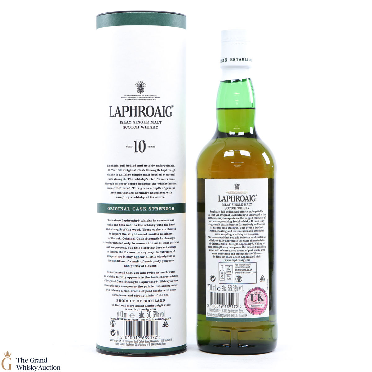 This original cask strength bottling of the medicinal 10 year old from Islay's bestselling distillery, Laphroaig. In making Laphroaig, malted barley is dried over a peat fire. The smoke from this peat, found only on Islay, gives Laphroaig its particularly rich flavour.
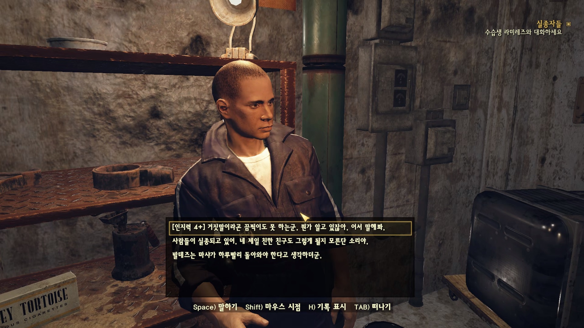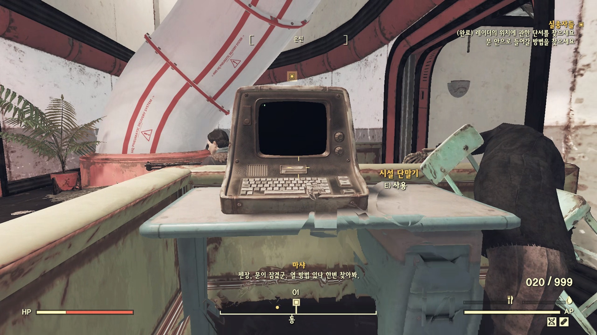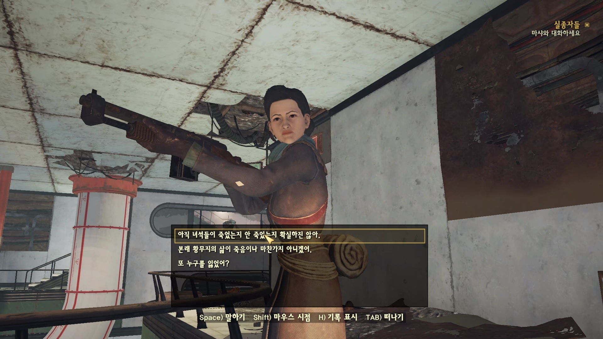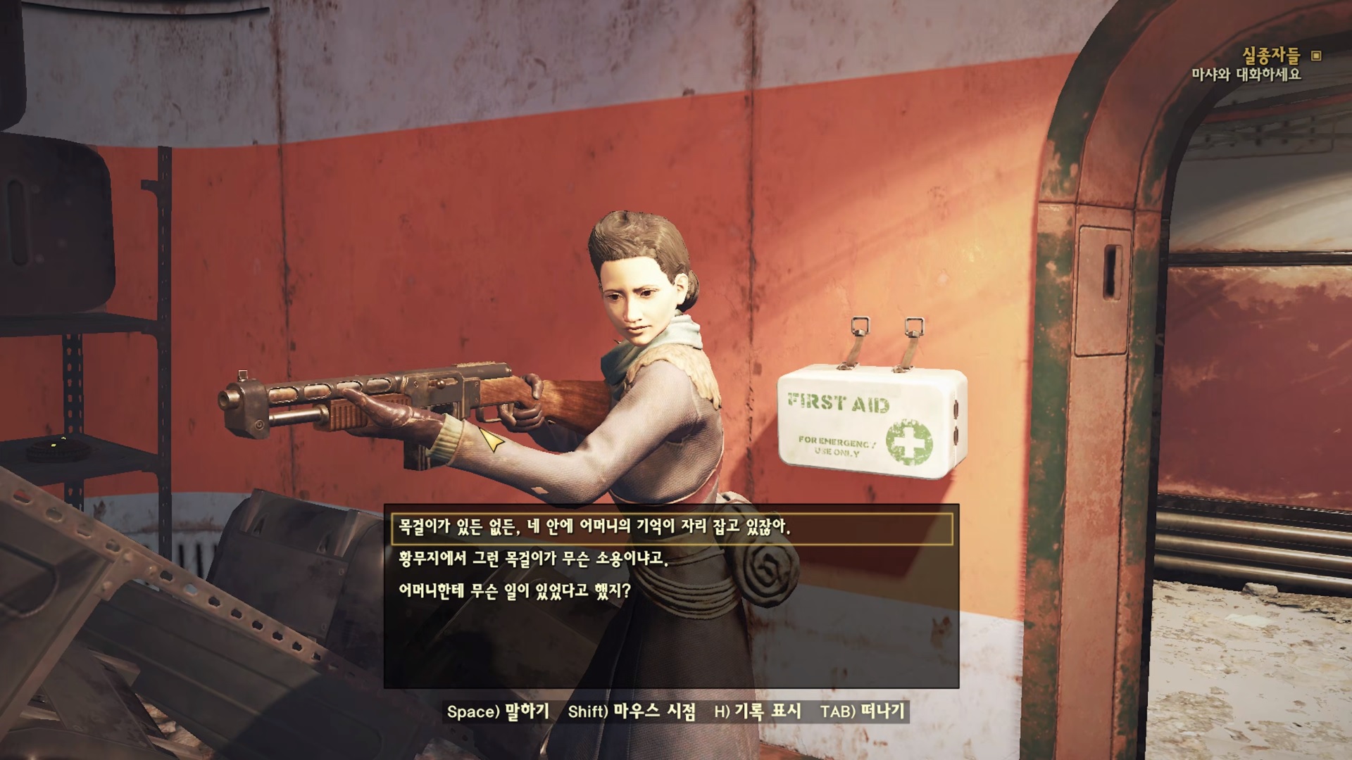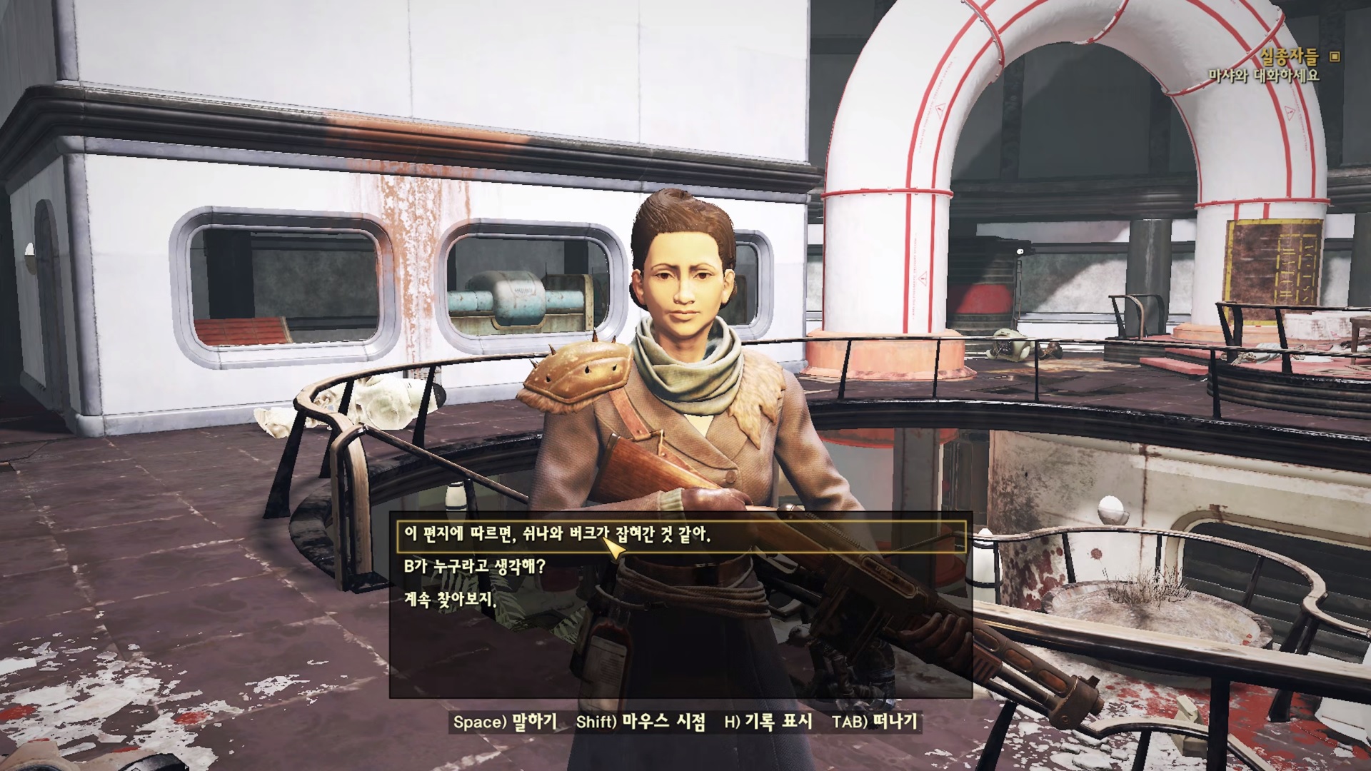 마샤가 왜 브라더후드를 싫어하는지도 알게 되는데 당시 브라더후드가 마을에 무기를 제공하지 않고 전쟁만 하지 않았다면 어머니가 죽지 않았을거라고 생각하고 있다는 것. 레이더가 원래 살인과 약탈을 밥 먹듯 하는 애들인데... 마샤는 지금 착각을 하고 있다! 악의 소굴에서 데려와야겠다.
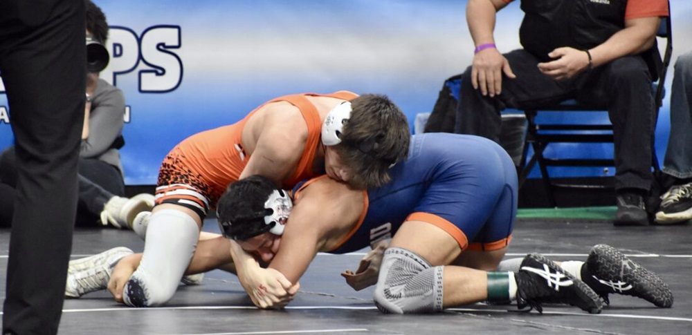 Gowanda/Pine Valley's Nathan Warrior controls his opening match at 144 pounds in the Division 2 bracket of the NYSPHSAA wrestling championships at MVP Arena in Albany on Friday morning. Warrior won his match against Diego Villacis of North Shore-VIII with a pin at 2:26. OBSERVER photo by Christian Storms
■ ■ ■ ■
Work order
What is wanted is the listing, written out exactly, with each picture removed.

Exercise response
 This original cask strength bottling of the medicinal 10 year old from Islay's bestselling distillery, Laphroaig. In making Laphroaig, malted barley is dried over a peat fire. The smoke from this peat, found only on Islay, gives Laphroaig its particularly rich flavour.
 마샤가 왜 브라더후드를 싫어하는지도 알게 되는데 당시 브라더후드가 마을에 무기를 제공하지 않고 전쟁만 하지 않았다면 어머니가 죽지 않았을거라고 생각하고 있다는 것. 레이더가 원래 살인과 약탈을 밥 먹듯 하는 애들인데... 마샤는 지금 착각을 하고 있다! 악의 소굴에서 데려와야겠다.
 Gowanda/Pine Valley's Nathan Warrior controls his opening match at 144 pounds in the Division 2 bracket of the NYSPHSAA wrestling championships at MVP Arena in Albany on Friday morning. Warrior won his match against Diego Villacis of North Shore-VIII with a pin at 2:26. OBSERVER photo by Christian Storms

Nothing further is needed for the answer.